Laquitar · 10/06/2011 22:11

CoteDAzur, no, i 'm not fucking kidding you Hmm

Use your imagination a bit and open up your narrow mind. Or read the post above yours.

Psychpineapple · 10/06/2011 22:12

I have travelled around Australiasia (twice). I have been on cruises around the caribbean. I have been to a number of countries in Africa. I have been to a number of countries in Europe. I have been to USA a number of times. I have been to Canada.

I own my own house have done from the age of 19.

I have financially supported myself throughout, I have paid for nurseries, childminders, nanny, private schooling.

I have a professional career that I am qualified in.

I am 32 years old.

I was privately educated, I came from a middle-class 2 parent household. I was loved by both parents. I was never abused either physically or emotionally.

I chose to get pregnant, it was no accident I spent 6 months trying.

Unbeknown to me fate was going to step in, and at 19 I was in an accident that resulted in my tubes being removed.

How glad am I that I had my child at 17.

Tell me what I have missed out on, and tell me how my dd has been deprived by having a 17 year old mother.

Vagabond · 10/06/2011 22:12

How can we say YABU unless we know more about the mother.

She might have been a very caring, attentive, nurturing mother who taught her daughter about life, about having ambition and making good choices. Could be that her daughter just didn't play ball with Mum's rules; therefore she's not surprised.

Or was she a mother who perpetuated the myth that teenage pregnancy is a route to getting govt help and housing? Again, she's not surprised.

Being a great mum is not mutually exclusive with having a head-strong child who will bloody well do what she wants to do.

No matter what though, a 17 year old being pregnant is not ideal. She is unlikely to have a means of income or a long-term partner and will probably end up being a drain on either her parents or the state.

Laquitar · 10/06/2011 22:13

I meant fuzzpig's post

fuzzpigFriday · 10/06/2011 22:13

Ambition: A strong desire to do or to achieve something, typically requiring determination and hard work.

So yeah, I'd say I was ambitious - the 'something' being 'to have a family and be a great mum'. Just because it is a different 'something' doesn't mean it's not a decent ambition.

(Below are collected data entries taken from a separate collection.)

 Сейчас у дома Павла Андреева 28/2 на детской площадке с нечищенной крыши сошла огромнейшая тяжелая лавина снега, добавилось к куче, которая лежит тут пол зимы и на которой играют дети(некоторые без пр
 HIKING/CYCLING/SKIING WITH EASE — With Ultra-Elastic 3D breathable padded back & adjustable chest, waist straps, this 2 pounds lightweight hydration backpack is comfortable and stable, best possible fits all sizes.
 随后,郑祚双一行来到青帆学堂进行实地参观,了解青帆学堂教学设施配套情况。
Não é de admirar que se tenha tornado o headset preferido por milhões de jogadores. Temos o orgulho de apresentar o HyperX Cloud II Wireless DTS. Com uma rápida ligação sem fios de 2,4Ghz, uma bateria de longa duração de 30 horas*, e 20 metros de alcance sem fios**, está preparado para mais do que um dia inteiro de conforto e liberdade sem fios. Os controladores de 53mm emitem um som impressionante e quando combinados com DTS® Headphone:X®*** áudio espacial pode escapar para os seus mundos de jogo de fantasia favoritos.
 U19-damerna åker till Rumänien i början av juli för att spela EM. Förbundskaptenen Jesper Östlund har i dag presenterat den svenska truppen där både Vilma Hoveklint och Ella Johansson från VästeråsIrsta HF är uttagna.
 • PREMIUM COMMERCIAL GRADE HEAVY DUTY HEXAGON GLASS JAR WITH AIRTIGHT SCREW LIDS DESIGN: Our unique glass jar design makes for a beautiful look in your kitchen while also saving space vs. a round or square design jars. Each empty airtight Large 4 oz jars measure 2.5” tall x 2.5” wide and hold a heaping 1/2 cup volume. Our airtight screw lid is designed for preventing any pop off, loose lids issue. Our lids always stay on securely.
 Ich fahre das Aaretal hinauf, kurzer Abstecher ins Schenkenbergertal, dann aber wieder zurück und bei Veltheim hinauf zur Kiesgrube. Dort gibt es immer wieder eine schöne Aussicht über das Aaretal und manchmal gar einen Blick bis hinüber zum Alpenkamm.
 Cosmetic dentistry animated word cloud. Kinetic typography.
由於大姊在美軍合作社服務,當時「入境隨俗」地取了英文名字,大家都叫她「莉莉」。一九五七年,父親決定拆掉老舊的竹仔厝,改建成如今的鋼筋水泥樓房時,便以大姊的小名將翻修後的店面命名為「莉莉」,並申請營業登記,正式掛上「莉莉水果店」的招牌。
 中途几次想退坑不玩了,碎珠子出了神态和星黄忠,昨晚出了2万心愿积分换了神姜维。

Anyway, I do have career aspirations - I'm training to be a teacher eventually, and hoping to get further with my volunteering - it's just that those things to me were secondary to having DCs.

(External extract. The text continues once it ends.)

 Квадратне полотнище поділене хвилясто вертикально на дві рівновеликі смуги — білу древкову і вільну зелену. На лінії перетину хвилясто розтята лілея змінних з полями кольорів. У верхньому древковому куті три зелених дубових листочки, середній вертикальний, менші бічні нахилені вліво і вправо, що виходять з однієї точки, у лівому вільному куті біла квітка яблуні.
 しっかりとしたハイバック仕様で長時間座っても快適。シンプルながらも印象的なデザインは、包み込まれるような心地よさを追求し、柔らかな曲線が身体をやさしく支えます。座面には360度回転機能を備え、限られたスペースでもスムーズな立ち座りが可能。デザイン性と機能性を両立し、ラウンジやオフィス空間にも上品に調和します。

Psychpineapple · 10/06/2011 22:15

From the age of 15 I worked in Tescos shelf stacking, I studied for my 'A' levels and worked and raised a wonderful child. I studied for my degree, worked and still raised a wonderful child.

I then went out to work.

It is not difficult you just have to actually do it, rather than be lazy about it.

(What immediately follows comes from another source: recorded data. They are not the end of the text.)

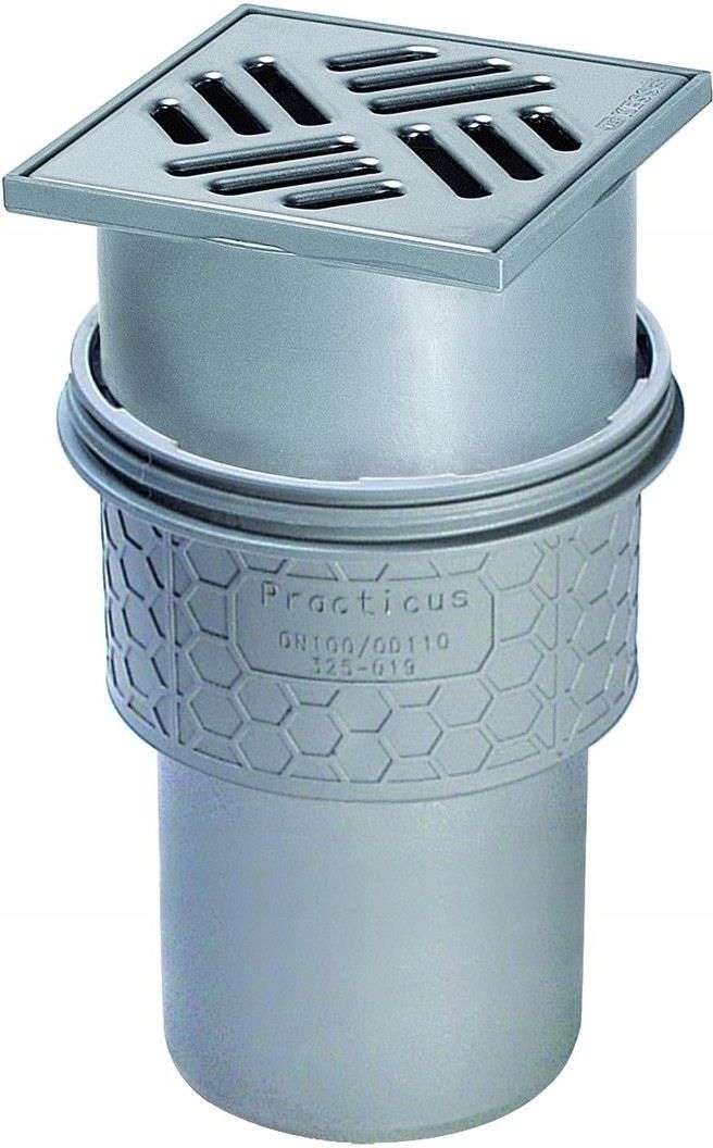 Wpust podłogowy/stropowy Practicus DN 100, pionowy, kratka szczelinowa Wpust podłogowy/stropowy Practicus z tworzywa sztucznego służy do odwodnienia punktowego i jest wyposażony w krawędź przyłączeniową oraz wyjmowany syfon, uszczelkę wargową i pokrywę ochronną na czas fazy budowlanej, z nasadą z …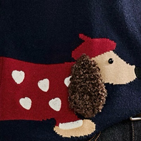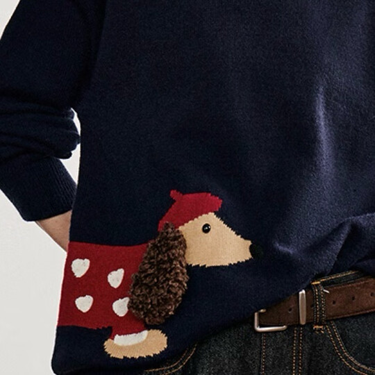 初语腊肠狗童话风圆领针织女2025秋季新款包芯纱宽松黄色毛衣上衣 藏青色 L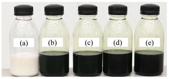 Prepared oil samples: (a) soluble oil, (b) cactus oil in its plain form, (c) cactus oil with 0.025 wt.% ACNPs, (d) cactus oil with 0.05 wt.% ACNPs, and (e) cactus oil with 0.1 wt.% ACNPs.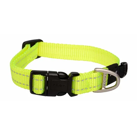 This dog collar features reflective yarn woven into the webbing for night time visibility. Rogloc buckle is the Fort Knox of release buckles. Low Load Technology reduces the load on the Titanium plastic buckle through a cleverly positioned load ring. Custom designed die cast ring (no welding). Electroplated chrome for a tarnish free finish. Rogz contoured plastic components ensure that every Rogz collar fits snuggly.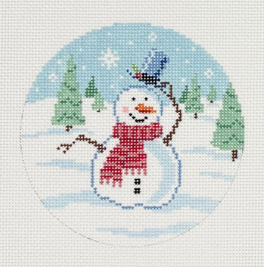 Frosty Loves Tobogganing DK-23 Canvas 18 count 4" Round 8w x 8h A collaboration with Dave Klug, Pittsburgh Illustrator & Artist for Lauren Bloch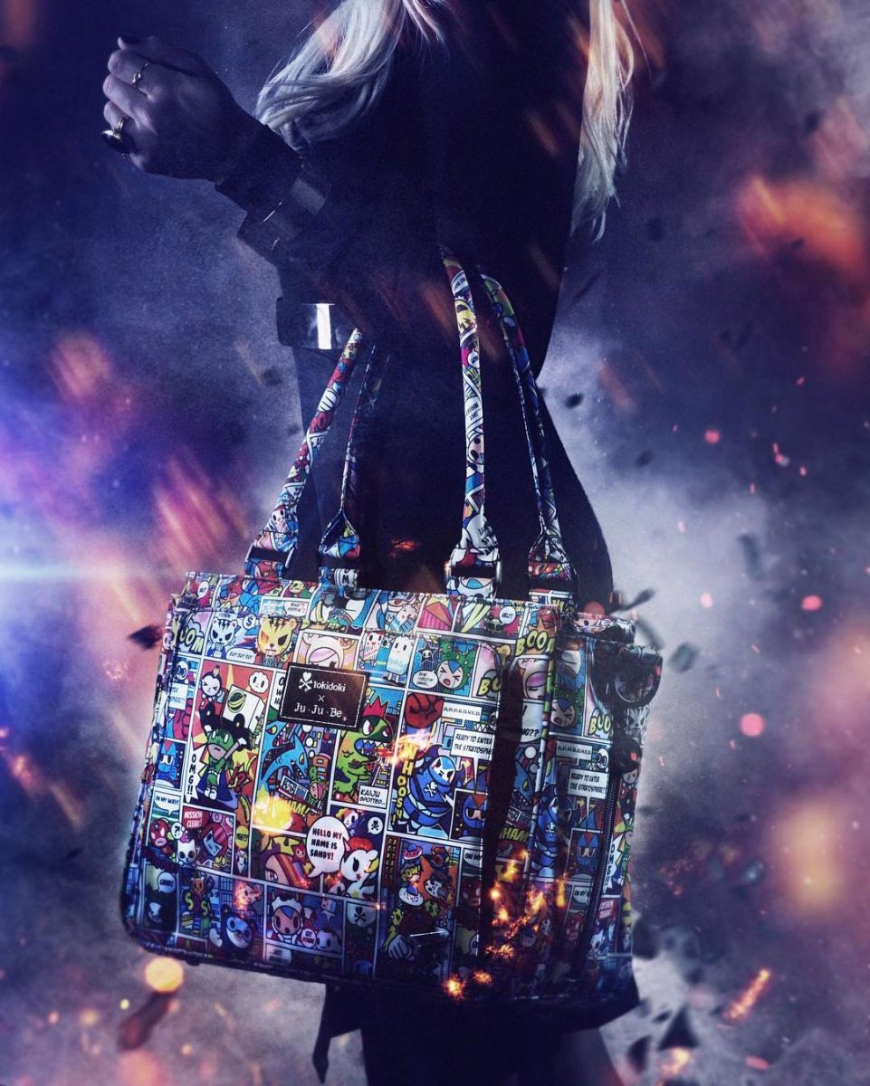 Тема комикса подчеркнута не только белыми рамками на принте, но и стильной черной фурнитурой. Это первые совместные коллекции Ju-Ju-Be и Tokidoki,
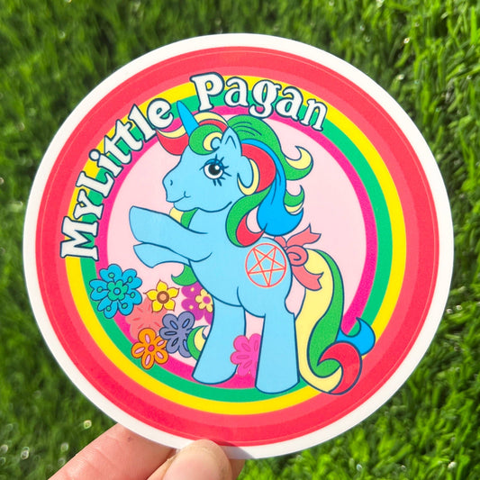 My Little Pagan Waterproof Glossy Vinyl Sticker | Funny Pony Gay Retro Round Decal | 3"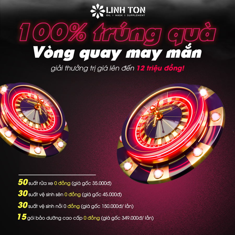 Qúy khách được tham gia Mini game “Có quay có trúng - 100% ” mừng sinh nhật 01 tuổi Linh Tôn Store bao gồm các phần quà trị giá lên đến x.000.000đ như: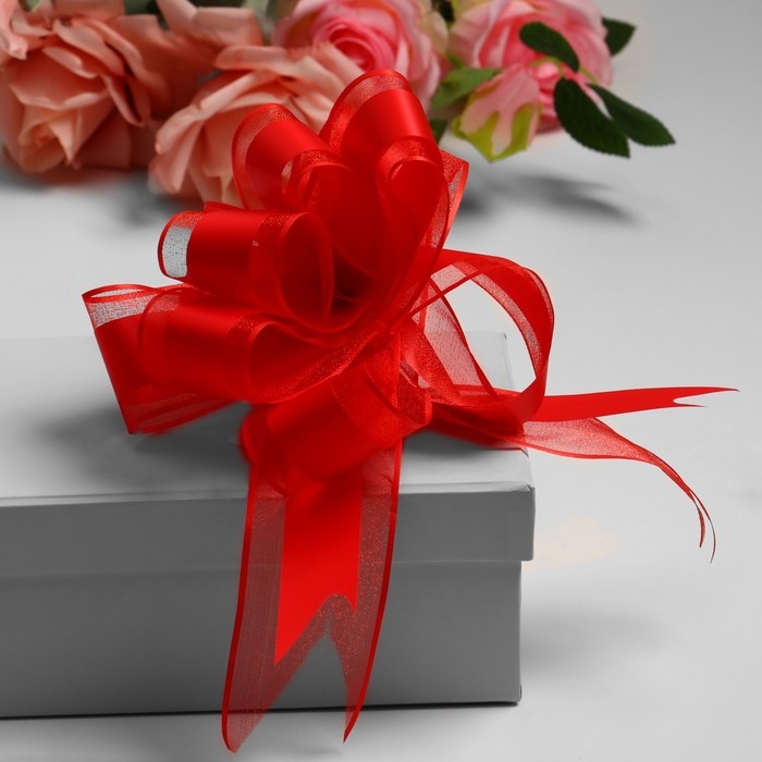 Для того чтобы собрать бант, надо потянуть за две ленточки, находящиеся между широкими лентами, удерживая широкие ленты в месте спайки.

MrsTwinks · 10/06/2011 22:19

YABVU, you dont know the exact situation, There could be all sorts of reasons shes pregnant and the mum expected it; because shes in a relationship and shes useless at remembering to take her pill (we all have those momennts) for example, not all of them mean she meant to, and that doesnt make her awful, and doesn't mean that her mum failed as a parent. Where does it say women cant be mothers at 17 and that means they have no ambition?? to that point where does it say you have to ambitious to not be a bad person with no morals/values etc?

thefirstMrsDeVere · 10/06/2011 22:21

How stupid of me to compare a bad situation with a dire one.

I apologise

Get on with your ridiculous posturing about your self restraining, well bought up kids who wouldnt dream of having sex.

D0G · 10/06/2011 22:22

This reply has been deleted

Message withdrawn at poster's request.